TASK REQUIREMENTS —
Skip pictures in the listing below; copy exactly the lines from the one with "耐久性抜群!積雪地帯用カーポート ジーポートPro(YKK AP)" through the one with "보름달을 중아에 두고 가족사진도 한 장 찍어 봅니다.", inclusive.

━━ EXERCISE DATA ━━

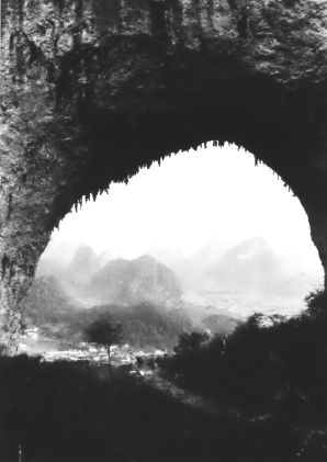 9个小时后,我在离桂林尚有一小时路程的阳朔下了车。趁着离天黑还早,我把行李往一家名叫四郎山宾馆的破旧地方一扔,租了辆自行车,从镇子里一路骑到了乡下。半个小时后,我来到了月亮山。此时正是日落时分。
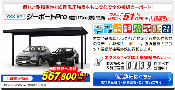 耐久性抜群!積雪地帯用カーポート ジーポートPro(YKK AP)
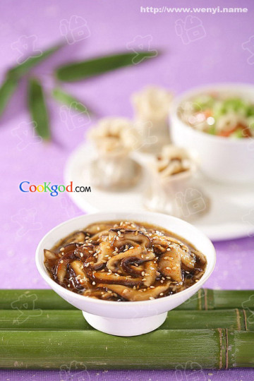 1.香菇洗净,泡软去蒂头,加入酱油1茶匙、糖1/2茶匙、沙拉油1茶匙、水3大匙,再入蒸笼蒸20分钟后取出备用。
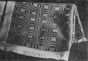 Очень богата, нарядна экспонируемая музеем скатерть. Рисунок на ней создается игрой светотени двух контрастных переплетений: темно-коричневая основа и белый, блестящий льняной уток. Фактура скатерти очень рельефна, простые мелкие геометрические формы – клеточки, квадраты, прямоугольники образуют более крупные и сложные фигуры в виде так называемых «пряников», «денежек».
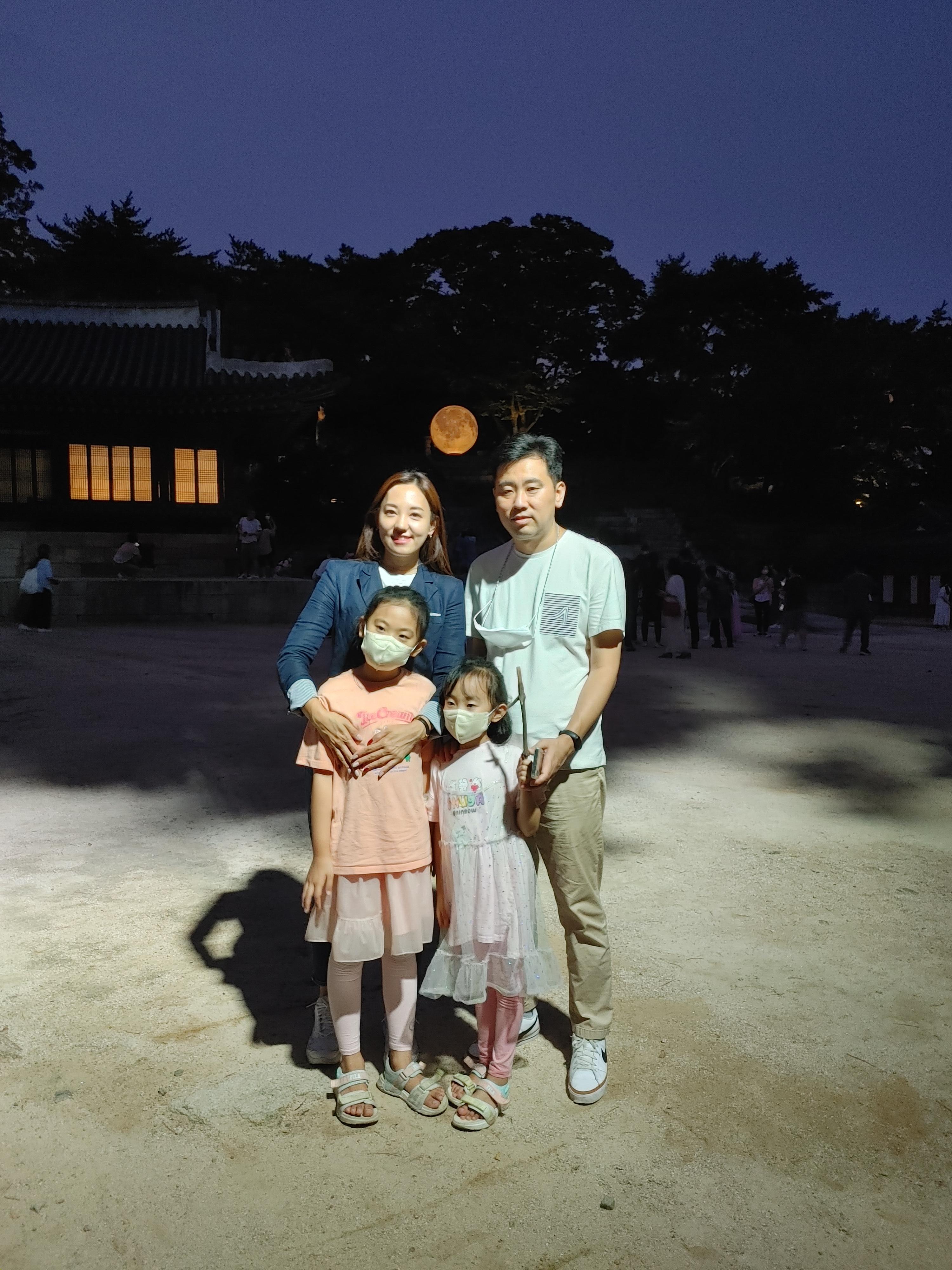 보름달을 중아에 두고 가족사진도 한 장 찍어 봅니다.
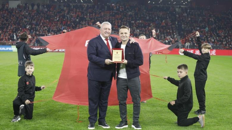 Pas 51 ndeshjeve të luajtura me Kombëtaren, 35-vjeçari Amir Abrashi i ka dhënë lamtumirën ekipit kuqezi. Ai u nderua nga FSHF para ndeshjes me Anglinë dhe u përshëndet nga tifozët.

━━━

EXERCISE SOLUTION —
 耐久性抜群!積雪地帯用カーポート ジーポートPro(YKK AP)
 1.香菇洗净,泡软去蒂头,加入酱油1茶匙、糖1/2茶匙、沙拉油1茶匙、水3大匙,再入蒸笼蒸20分钟后取出备用。
 Очень богата, нарядна экспонируемая музеем скатерть. Рисунок на ней создается игрой светотени двух контрастных переплетений: темно-коричневая основа и белый, блестящий льняной уток. Фактура скатерти очень рельефна, простые мелкие геометрические формы – клеточки, квадраты, прямоугольники образуют более крупные и сложные фигуры в виде так называемых «пряников», «денежек».
 보름달을 중아에 두고 가족사진도 한 장 찍어 봅니다.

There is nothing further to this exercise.